このような時代の要請に応えるべく、中央大学はその英知を集め、これまでにないスピード感でもって2020年4月にAI・データサイエンスセンターを設立いたしました。本センターは中央大学付置の組織として、「一般社会からの人材養成のニーズに時機を逃さず対応するため、大学教育および産学連携を効率的に行うことを可能とする企画を立案し、その計画を着実に実施すること」を目的としております。なお、センターの所長室および事務室は後楽園キャンパスに設置されています。

中央大学は長い歴史を持つと共に、法学部をはじめとして人文・社会科学に関係する多くの学部や組織をもつ大規模な総合大学です。AI技術が私たち社会生活に深く浸透しつつある今、技術主導ではなく「人間中心のAI社会」を私たちは創っていかねばなりません。そのためには、社会のニーズや懸念などを可視化し、実際の技術開発や関連する法制度などにそれらを反映させること、いわゆるRRI (Responsible Research and Innovation)の観点がむしろ今後は大切になってきます。本センターは、中央大学の特徴ある総合大学の強みを生かして、AI技術を駆使してデータに基づき合理的な意思決定ができる人材を育成して参ります。
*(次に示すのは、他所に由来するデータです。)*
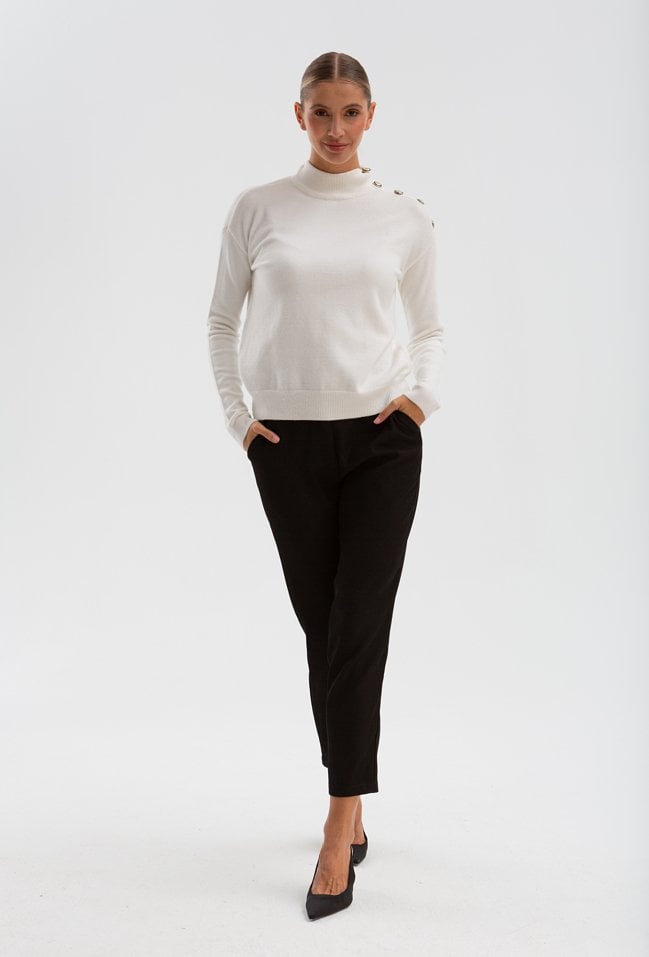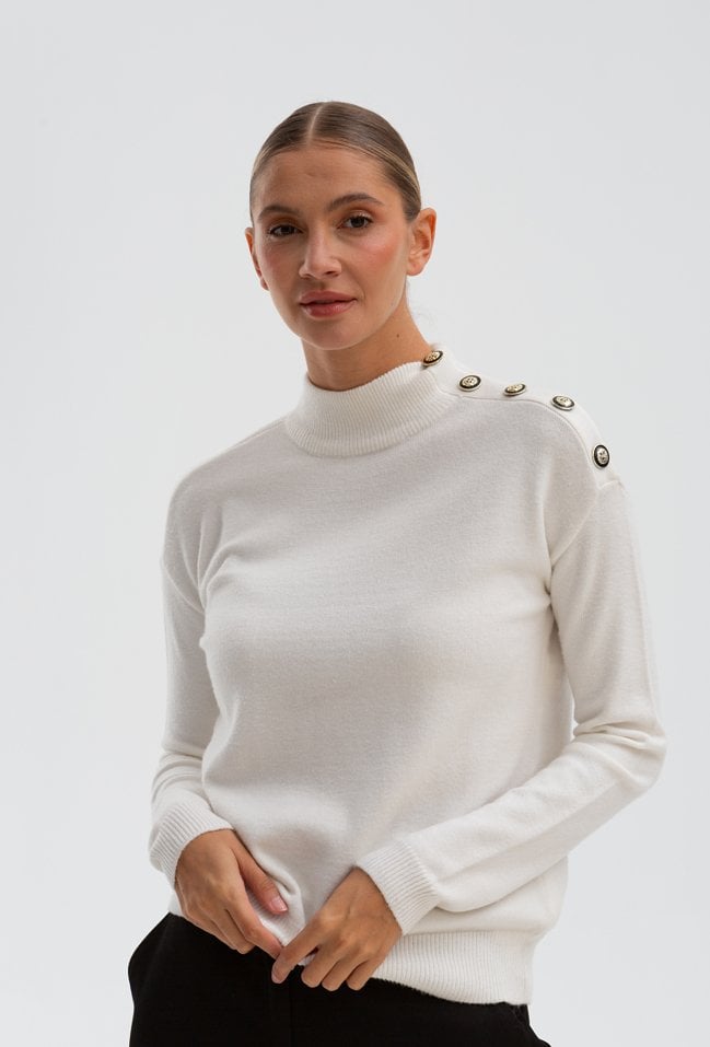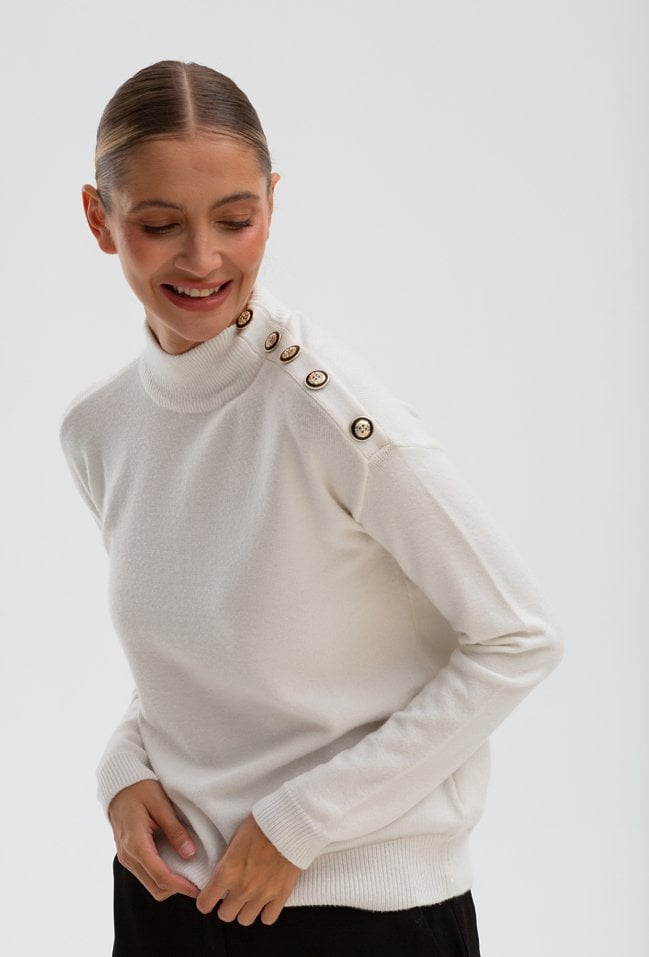 Biały sweter z miękkiej dzianiny z domieszką wiskozy. Długie rękawy zakończone ściągaczem, półgolf. Na ramieniu znajdują się ozdobne guziki, które nadają mu szlachetności. Świetnie sprawdzi na wyjątkowe okazje ale też do codziennych wyjść. Modelka na zdjęciu ma 180 cm wzrostu i prezentuje rozmiar 36.

この目的の達成のため、教育部会と研究・社会連携部会の二つの部会を設け活動していきます。前者は、全学教育を起点にAIおよびデータサイエンスに関わる教育を効果的に実現していく仕組みを検討し、実現していきます。後者は、産業界を巻き込み先端的な研究を推進する中で、AIおよびデータサイエンスを積極的に活用できる、大学生・大学院生および社会人の高度教育を実践していく予定です。

これからの「人間中心のAI社会」を創る主体は今の若者です。若い世代が持つ、シェアリングとエコシステムといった、譲り合いと協調を尊重する価値観こそ、地球規模の社会課題を解決する糸口となり得るでしょう。本センターも、AIとデータサイエンスを活用して、課題を発見し問題解決することで社会の発展と人類の幸福に資する人材を輩出していく所存です。今後ともみなさまのご協力とご支援を賜りたくお願い申し上げます。


理系・文系を問わず情報社会に必須のリテラシー教育のために

AI、データサイエンス、セキュリティ、個⼈情報の取り扱い(例えば、General Data Protection Regulation (GDPR)や信⽤スコア)など、⽂系・理系の区別にかかわらず、現代の情報社会における社会⼈として必修の内容を学ぶ全学教育を実現し、持続的な運営を⾏います。

人工知能やデータサイエンスを活用した共同研究やリカレント 教育の要請に応えるために

さまざまな産業分野で、企画・研究開発・製造などの各プロセスのスマート化による国際競争⼒の強化が求められています。スマート化ではビッグデータ、AIやデータサイエンスの解析技術(アナリティクス)、現場の勘や経験を適切に融合することが肝要です。現場の勘や経験をアナリティクスにつなげるためには、当該分野の知識に通じたエキスパートやメンターの存在が⽋かせません。本学には多様な学部・学科があり、広範な分野をカバーしています。
同時に、急速にニーズが⾼まっているAIやデータサイエンスに関わる学びの場を学外に向けて提供します。本センターは都⼼から通学しやすく、居⼼地が良く、さまざまな業界、世代、層と交流できる場を⽤意しています。